The most obvious difference between the example packages is in the capacity to control individual node intercommunication. Sparklyr and SNOW have no means of individual node control. Operations occur cluster-wide and via pre-defined means. Conversely, rmpi and pbdR allow for node-specific operations. The challenge rendered by the tension in the problem statement is therefore further elucidated: allowing for a simple operational system model, as well as a clean interface, on top of a functionality that extends to individual node control. None such package reviewed in the preceding chapter marries these together successfully, the failings elucidated element-wise.

These concepts represent a fundamental difference in understanding between developers of the packages as well, with two major camps reflecting an imperative and functional approach to programming problems. The camp referred to informally as “functional” places a greater emphasis within the API on commanding the system what needs to be done. Conversely, the API’s from the “imperative” group focuses on telling the system how to do whatever needs to be done. While the imperative approach may aid in efficiency in many cases, for most jobs the end-user simply wants to deliver high-level instructions and have the system work the details out for them.

The tension between these two concepts fractally grows as the technical components of their solution are traversed. Such a traversal forms a significant piece of work within this project, and the numerous prototypes that were developed will be referenced as their definitive challenges that each overcame and created are described.

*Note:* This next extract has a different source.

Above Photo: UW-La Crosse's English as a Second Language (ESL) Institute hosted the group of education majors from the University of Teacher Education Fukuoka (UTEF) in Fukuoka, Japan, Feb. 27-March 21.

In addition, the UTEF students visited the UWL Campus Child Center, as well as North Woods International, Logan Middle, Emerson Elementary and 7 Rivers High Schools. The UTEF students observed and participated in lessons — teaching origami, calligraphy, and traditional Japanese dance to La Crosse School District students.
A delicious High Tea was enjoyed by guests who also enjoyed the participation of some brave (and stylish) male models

The challenges to be considered include:

  1. Object System
  2. Communication
  3. Concurrency
  4. Evaluation
  5. Mutability
  6. Garbage Collection

They will be discussed briefly here, then in more detail over the subsections below.

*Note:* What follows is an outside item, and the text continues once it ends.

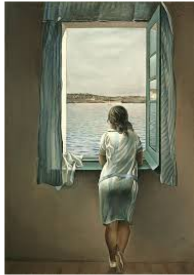
Fig. 3 Figure at the Window

In this painting, Dali's sister poses in the room where Dali spent his childhood. This room was on the first floor of Dali's parents' home in Cadaques. Dali had already admired Cadaques and found it so marvelous that he compared it to a beautiful dream - particularly the awakenings with what one sees from the window [6]. This room represents a saddened incident in Dali's life which is the death of his father. Dali knew of his father's death while he was painting in that room. Dali saw his father for the last time in this studio standing in the same position as that of his sister [6].
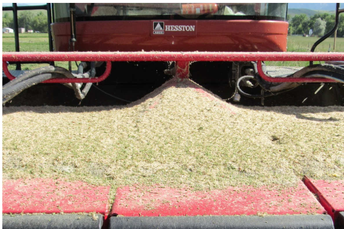
After harvesting a heavily infested field, this hay swather is crawling with light green alfalfa weevil larvae. Early harvest of the first cutting can kill larvae, but hay quantity and quality are affected. If eight or more larvae per square foot of hay stubble survive harvest, pesticide treatment is advised to protect the second cutting.

Overall, the central challenges considered are remarkably similar to those facing the design of computer languages. This is somewhat surprising, given that the design of a computer language was not part of the problem statement. However, the initial impression of the paradox is resolved in the fact that an API was a core piece of the problem; the API, the highest level of abstraction, in turn determining all other components of the problem statement. Most of the basic issues facing big data computation have solutions that are well-enough established now, so this is not the central problem being solved. The work involved in enabling big data computation was putting the solutions together in a streamlined manner. The direction of this work was defined by the API, which was the most novel of all work done. As such, while there were technical challenges relating to the distributed system, which will be discussed as encountered in the relevant sections, the overarching, definitive challenges, were traced out by the design of the API.